(i) X(g) $$\rightleftharpoons$$ Y(g) + Z(g) K$$_{p1}$$ = 3
(ii) A(g) $$\rightleftharpoons$$ 2B(g) K$$_{p2}$$ = 1
If the degree of dissociation and initial concentration of both the reactants X(g) and A(g) are equal, then the ratio of the total pressure at equilibrium $$\frac{p_1}{p_2}$$ is equal to x : 1. The value of x is (Nearest integer)

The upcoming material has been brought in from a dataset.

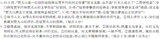 追忆贾大山 彭侃 贾大山,生前一直住在河北正定城内,只去过北京、保定、石家庄、太原等几个城市;他的作品《取经》于1978年获得了首届全国短篇小说奖,是新时期河北省首次获得全国奖的作家;日本,有一个“二贾研究会”,专门研究贾平凹扣贾大山的文学作品;可他在世的时候,却没有出版过一部自己的作品集。 在老朋友肖杰的眼里,贾大山是一个憨厚真诚的人。肖杰回忆了他们1986年一起出差等火车时的情景:“当时一男一女走过来,指着大山说,那个碎纸是你扔的,要罚你款。我说不是我们扔的,大山把我弄到一边去,给了钱。后来我问大山,那个碎纸明明不是咱们扔的,你怎么给钱,他说,没必要吵,跟他们讲不清道理。” 贾大山就是这样憨厚。对待朋友,则非常热情真诚。有客人到访时,他会亲自买菜做饭。有几位作家提到曾经在他家品尝过他做的菠菜蛋花汤,至今还印象深刻。 贾大山淡泊名利、无意仕途,但出于对文化事业近乎痴迷的热爱,他接受组织安排,挑起了正定县文化局局长的担子。作家李春雷在一篇回忆文章中提到,为了修复正定隆兴寺这座国宝级的文物,贾大山奔走于京城、省城和县城之间,往返数十趟,直累得心力交瘁、胃肠溃疡,他蜷卧在吉普车后座上,牙关紧咬、冷汗直流,经过千难万难,修复工程终于圆满完成,隆兴寺成为正定最鲜亮的文化名片。 49岁那一年,他辞去局长职务,回归文坛。1997年,贾大山因病逝世,年仅55岁。 “大山对他的文章精雕细刻、一丝不苟,他的文稿都是用蝇头小楷一笔一画写的,如果有错字要改,他会用小刀挖下来,再一笔一画补上来,大山对自己的作品一字一句甚至一个标点都不放过,非常仔细认真。”当年的文友、编辑肖杰谈起贾大山的写作,最有感触的是贾大山的作品扎根生活,“没有一篇是在屋子里胡编乱造的”。 虽然贾大山的作品受到读者的喜爱,但是他生前并没有出版过一部作品集。当时有出版社愿意出版他的作品集,但是都被他婉拒了。 对待自己的作品,贾大山始终怀有一种谦虚、淡泊的态度。据肖杰回忆,在贾大山生前就曾举办过其作品讨论会,但是他自己从不参加,肖杰记得贾大山曾对他说过:“我坐那儿,人家都给我唱赞歌,都说我作品好,我要不在那儿,人家肯定畅所欲言,好就好,不好就不好,有啥说啥。” “用明净的心,写好的东西”,铁凝是这样评价贾大山的。她在《大山在我心中》一文中写道:“观其一生,大山其实一贯是这样做的,他这种难能可贵的‘一贯’使他留给文坛、留给读者的不仅是独具价值的小说,还有他那令人钦佩的品性。” 大山已逝,但是他的文字和他的精神的确如大山一样,已经挺立在中国文坛和中国人心中,历久弥坚。 4.下列对材料有关内容的分析和概括,正确的一项是(3分) A.贾大山是一位创作成就堪比贾平凹的河北作家,因此,日本人成立了“二贾研究会”,专门研究贾平凹和贾大山的文学作品。 B.贾大山作为正定县文化局局长,他恪守职责,带病坚持工作,特别是为了修复正定隆兴寺,他和李春雷四处奔走,争取领导群众支持。 C.贾大山生前总是回避关于自己作品的讨论会,他认为,在自己不在场的情况下,别人更可能会给自己的作品做出不好的评价。 D.贾大山的文学创作曾受到铁凝极高的评价,她认为“用明净的心,写好的东西”是贾大山的小说独具价值的重要原因。 5.选文在材料运用方面有什么特点,请结合材料简要概括。“分) 6.铁凝评价贾大山留给文坛、留给读者的不仅是独具价值的小说,还有他那令人钦佩的品性。他的品性有哪些?请结合材料简要分析。(5分) 参考答案 4、D 5、细节入文,别人评价入文,如引述铁凝对贾大山的评价,肯定贾大山的贡献。 6、憨厚真诚。淡泊名利,热爱文化事业。仔细认真。谦虚低调。

We are given two equilibrium reactions with the same degree of dissociation $$\alpha$$ and same initial concentration:

(i) $$X(g) \rightleftharpoons Y(g) + Z(g)$$, $$K_{p1} = 3$$

(ii) $$A(g) \rightleftharpoons 2B(g)$$, $$K_{p2} = 1$$

For reaction (i), starting with 1 mole of X at pressure $$P_1$$, at equilibrium: moles of X = $$1 - \alpha$$, moles of Y = $$\alpha$$, moles of Z = $$\alpha$$, total moles = $$1 + \alpha$$. The mole fractions give:

$$K_{p1} = \frac{\left(\frac{\alpha}{1+\alpha}\right)^2}{\frac{1-\alpha}{1+\alpha}} \cdot P_1 = \frac{\alpha^2 P_1}{1-\alpha^2} = 3 \quad \cdots (1)$$

For reaction (ii), starting with 1 mole of A at pressure $$P_2$$, at equilibrium: moles of A = $$1 - \alpha$$, moles of B = $$2\alpha$$, total moles = $$1 + \alpha$$. Similarly:

$$K_{p2} = \frac{\left(\frac{2\alpha}{1+\alpha}\right)^2}{\frac{1-\alpha}{1+\alpha}} \cdot P_2 = \frac{4\alpha^2 P_2}{1-\alpha^2} = 1 \quad \cdots (2)$$

Now, dividing equation (1) by equation (2), the $$\alpha^2$$ and $$(1-\alpha^2)$$ terms cancel completely because $$\alpha$$ is the same for both reactions:

$$\frac{K_{p1}}{K_{p2}} = \frac{P_1}{4P_2}$$

Substituting the given values:

$$\frac{3}{1} = \frac{P_1}{4P_2}$$

$$P_1 = 12 P_2$$

Hence, $$\frac{P_1}{P_2} = 12$$, so the answer is $$x = 12$$.